Eide reached for his pipe with unsteady hands, took out his tobacco pouch and began to fill the bowl. All the while he was staring past them, out at the stars.
“Consider,” he said, in the same dead voice. “The DNA molecule of the chromosome has four bases, adenine, guanine, cytosine, and thymine. They make up a four-letter alphabet, whose different combinations each specify an amino acid. The code is transcribed onto a molecule of ‘messenger’ RNA and carried to the site of protein synthesis, each kind of amino acid being delivered by a particular form of ‘transfer’ RNA. There, then, proteins are synthesized: enzymes, which go on to control the entire chemistry of the organism.

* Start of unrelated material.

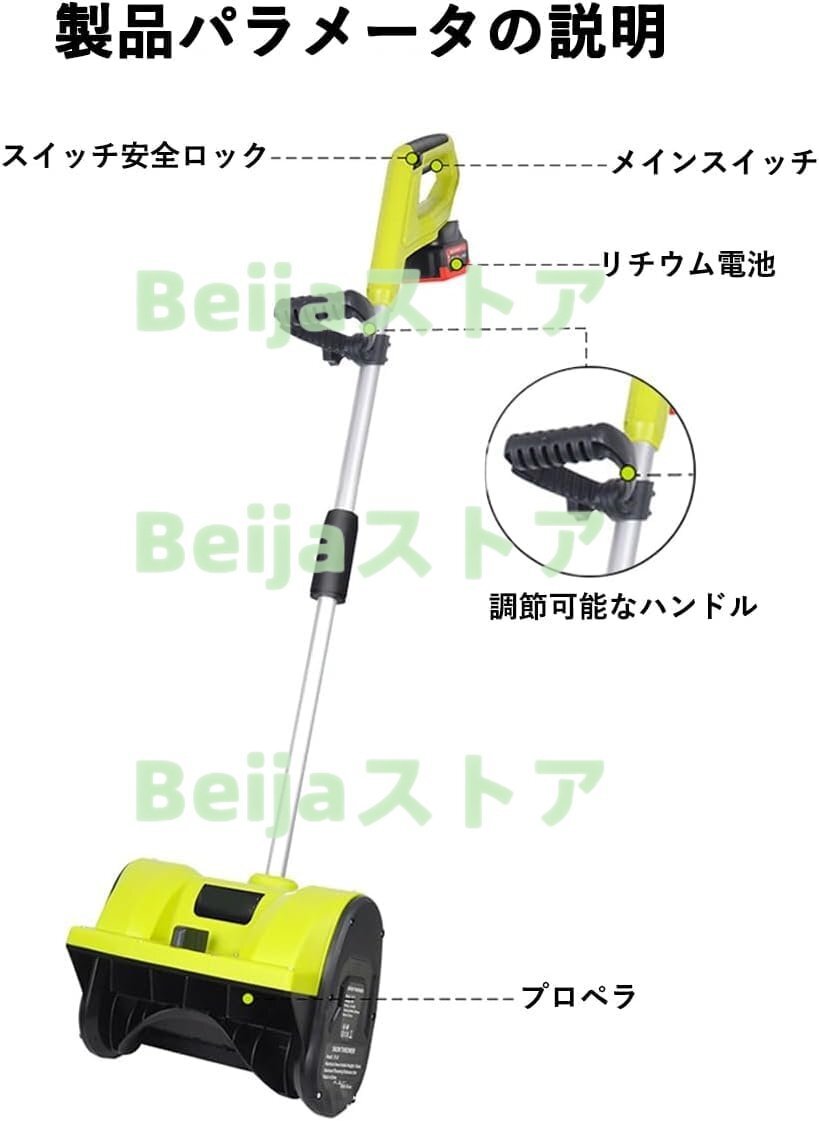 製品説明強力な効率性: 当社のハイパワー 1200W 電動除雪機で冬の雪の作業に楽に取り組みます。 除雪スコップ 電動 最大限の効率を実現するように設計されており、目詰まりのリスクを軽減しながら、スムーズで中断のない除雪体験を保証します。環境に優しい: 従来のガス動力除雪機に別れを告げましょう。 除雪スコップ 電動 当社の電気モデルは排出ガスを出さないため、環境に配慮した代替品となります。 さらに、より静かな動作を体験し、使用中の騒音公害を最小限に抑えます。ユーザーフレンドリーなデザイン: 除雪幅 32cm、高さ 16cm、最大 8m の投射距離を備えたこの除雪機は、利便性とパフォーマンスが最適化されています。商品情報:製品名: 除雪スコップ 電動除雪幅:32cm除雪高さ:16cm最大投雪距離:6m製品電圧: 20V/24Vバッテリー容量:4.0Ah製品電力: 1200W重量:約5kg色:ブルー、グリーン、オレンジごください:1.手動測定により、わずかなサイズの誤差(1?3cm)が発生する可能性があります。2.光やディスプレイ設定の違いにより、色が若干異なる場合があります。3.ご購入またはご使用中にご質問やサポートがございましたら、お気軽にお問い合わせください。 迅速かつ丁寧なサポートを心がけております。

It is usually described as an information transfer mechanism.”
Villiers and Urban exchanged a glance. Has the old man gone dotty? We learned this in the second form.
Eide ignored them, plowed on, talking to the sky: “But there are certain constraints on the code. You can write the same message in Latin or Greek or runic characters; or you can go over to Chinese and use an altogether different system which cannot ever carry quite the same messages. That’s arbitrary. But the genetic code is not. Everywhere, in every life form we know, the same codon, the same sequence of bases, means the same amino acid. Why should this be? It isn’t needed by information theory.
“I found out some time ago that it is required by the laws of nature. Given protoplasmic life, at least, no other system will work.”